◆ Exercise prompt ◆
Every line from the one with "تشريح عميق لعضلات" up to and including the one with "Đề Thi HK2 Toán" is to be output exactly as it appears below; pictures are not.

··· Data to examine

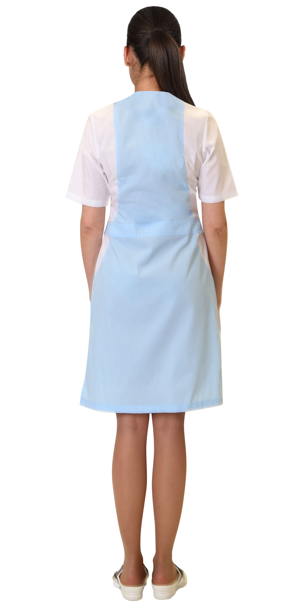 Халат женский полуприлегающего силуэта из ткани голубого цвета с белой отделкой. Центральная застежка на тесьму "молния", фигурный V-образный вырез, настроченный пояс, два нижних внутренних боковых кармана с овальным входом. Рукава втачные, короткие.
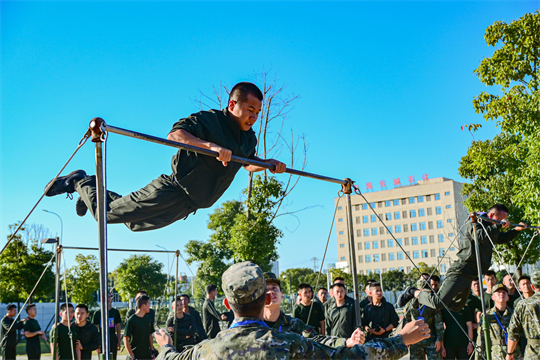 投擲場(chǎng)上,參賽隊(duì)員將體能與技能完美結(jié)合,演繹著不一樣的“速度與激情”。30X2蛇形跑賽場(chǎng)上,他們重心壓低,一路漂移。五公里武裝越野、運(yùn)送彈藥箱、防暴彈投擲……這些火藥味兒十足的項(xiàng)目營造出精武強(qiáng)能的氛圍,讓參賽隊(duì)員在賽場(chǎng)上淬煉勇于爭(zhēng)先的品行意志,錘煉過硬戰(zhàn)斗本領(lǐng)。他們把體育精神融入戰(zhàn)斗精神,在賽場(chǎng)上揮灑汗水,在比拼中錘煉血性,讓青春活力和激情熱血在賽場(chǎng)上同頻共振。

······
··· Data to examine

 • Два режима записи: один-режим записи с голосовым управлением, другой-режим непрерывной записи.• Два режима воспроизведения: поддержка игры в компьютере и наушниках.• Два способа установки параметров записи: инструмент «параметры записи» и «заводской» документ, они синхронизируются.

······
··· Data to examine

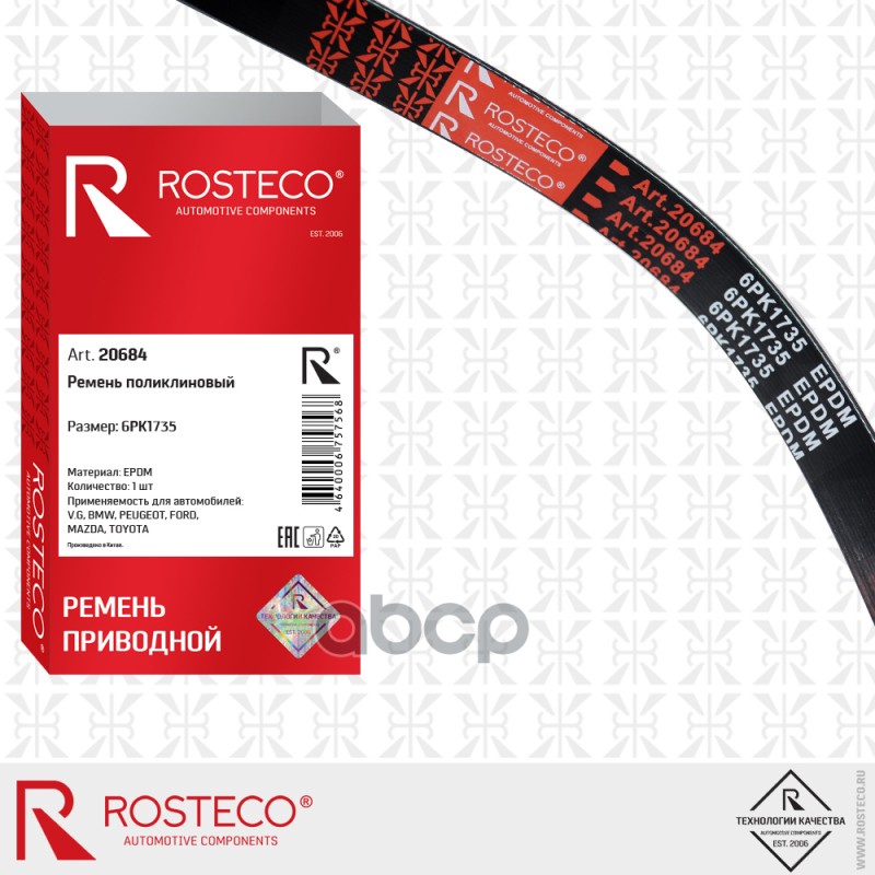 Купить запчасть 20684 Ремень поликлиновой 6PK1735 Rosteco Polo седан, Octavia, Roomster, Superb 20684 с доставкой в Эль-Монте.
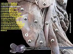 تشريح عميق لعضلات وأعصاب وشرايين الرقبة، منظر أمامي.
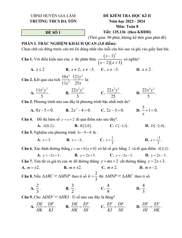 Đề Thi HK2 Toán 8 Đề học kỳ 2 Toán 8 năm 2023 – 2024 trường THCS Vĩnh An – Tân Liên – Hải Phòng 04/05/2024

······

◆ Written solution ◆
 تشريح عميق لعضلات وأعصاب وشرايين الرقبة، منظر أمامي.
 Đề Thi HK2 Toán 8 Đề học kỳ 2 Toán 8 năm 2023 – 2024 trường THCS Vĩnh An – Tân Liên – Hải Phòng 04/05/2024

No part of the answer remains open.